Well, the thing is, I went to Ross-Dress-for-Less to get sporty wear so that instead of staying home drinking beer because I could not find any clean sweat pants to wear on a walk, I would have ready sporty wear, and therefore no excuse not to take the dogs to Lighthouse Field which is now a Fraught With Anxiety Outing Because of Rangers with Guns, and Beer Drinking seems now preferable to braving Ranger Related Dangers. (See Team Small Dog posts on Dangerous Rangers.)

So, along with Getting Sporty, I thought I would change my look to Grey Panther look because, well, I'm tired of Preference by L'Oreal at $9.95 a pop because I'm worth it. But there were no Preference by L'Oreal boxes with Grey Hair Color. So, that would mean 3 months of public reddish brown seguing into real grey color hair. Which would be OK, in general, because "Who Cares,Mom?!?" (oblivious sons). But as I have whined about previously, which I shouldn't whine about, because it is a privilege and an honor to teach English composition at De Anza College to well-meaning students most of whom do not speak English, I have to teach a class next quarter and therefore miss 12 weeks of Dirt Night about which I am SO SAD. But I sort of thought, wow, how much sadder the whole thing would be if I have to stand in front of said students (most of whom don't speak English let alone write it did I mention?) with my hair seguing from fake reddish brown to natural iron grey.

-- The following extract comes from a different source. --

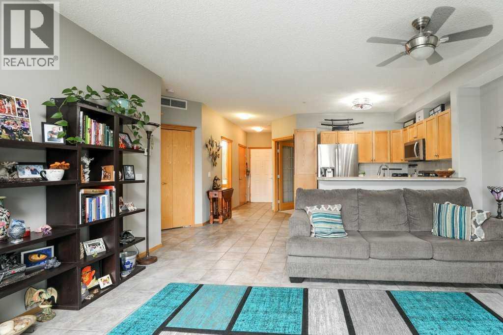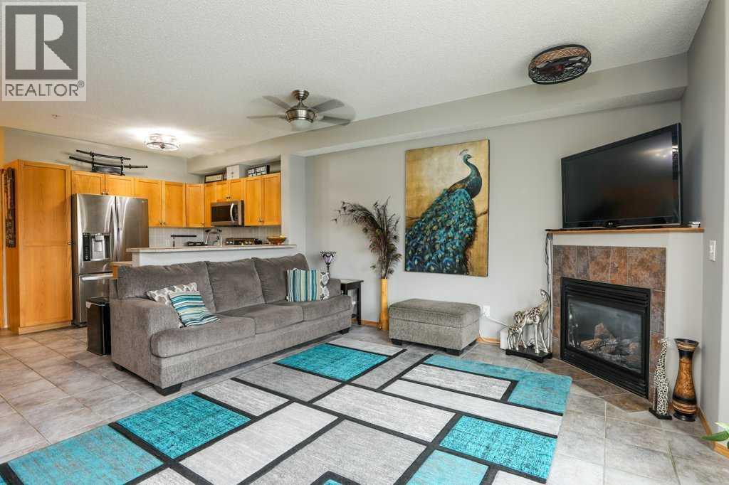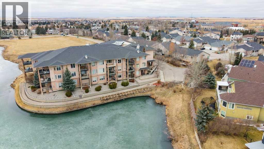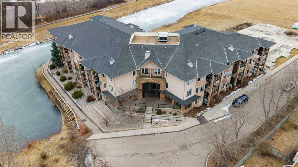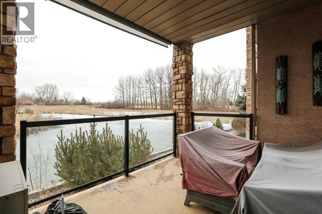 Highwood Springs Estates — a 36-unit condo community where opportunities are limited and ownership tends to be long-term. This main floor unit is set in one of the most desirable locations, backing directly onto the lake with uninterrupted views extending to the Highwood Golf Course — the Foothills’ premier 27-hole golf destination. Surrounded by mature trees and open green space, it offers a quiet, natural setting where wildlife is often part of the landscape. The covered deck, complete with gas line, is perfectly positioned to take it all in. This home has been meticulously maintained and it shows. The living area is anchored by a gas fireplace, with air conditioning in place for the warmer months. The kitchen is clean and updated with a newer dishwasher, and the washer and dryer have also been replaced in recent years. The primary bedroom features a walk-through closet and a full ensuite with a walk-in jetted tub. A den adds flexibility without sacrificing space, and there’s also a second 3-piece bathroom and dedicated laundry room. Heated underground parking and storage are included. Units in this complex are tightly held — and positions like this within it are rarely available. Arrange your private showing at your convenience! (id:63190)

So, I thought. (I'm a big thinker.) Perhaps it would be worth it to got to a real Beauty Salon and let the professionals take care of Hair Segueing . Which I did. And look what happened. And it cost $180. (Check prices before you strike hair deals -- your beauty treatment *might* just *might* cost more than your regular $9.95 Great Clip.) And it took 3 hours. And there was tin foil involved.

So that is why Team Small Dog said you should be nice to me. Thank you Team Small Dog.

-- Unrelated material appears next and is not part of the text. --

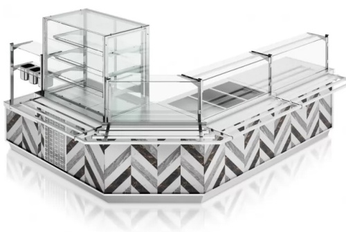 Серия Vista позволяет собирать сложные линейки, состоящие из разных типов витрин — от тепловых до низкотемпературных.

And I am striving mightily not to be depressed about how that very $180 was the $180 I thriftily saved by not going to Madera this weekend. Which is also making me feel very Left Out and Sad.

Which just goes to show that age does not necessarily bring wisdom or consumerist savvy.

Which is why I want to be a Grey Panther because well, obviously.

And so I wondered, "Where can I find all those Grey Panthers I heard about when I was a youngster?" I'll leave you to answer the obvious, and to be nice to me about my hair.

But we will wear our Team Small Dog t-shirt at Sunnyvale Bay Team CPE trial and Kick Ass! like we are supposed to! So, life is perfectly good, after all.

Urban Smoothie Read said...

i can't wait to have a trial that allow me to bring 'roasted pork' into the ring...

Elf said...

Oooh, I love dangerous front crosses, too, and anything else that people don't think they can do with their dogs. Jim Basic calls some of these things Cool Factor, although that usually has to do with leaving your dog in the weaves and doing a front cross 40 feet away so that you can avoid a difficult double rear cross. Or serpentining something that everyone else does with 5 front crosses. It helps having classes with Ashley and Luka to inspire me.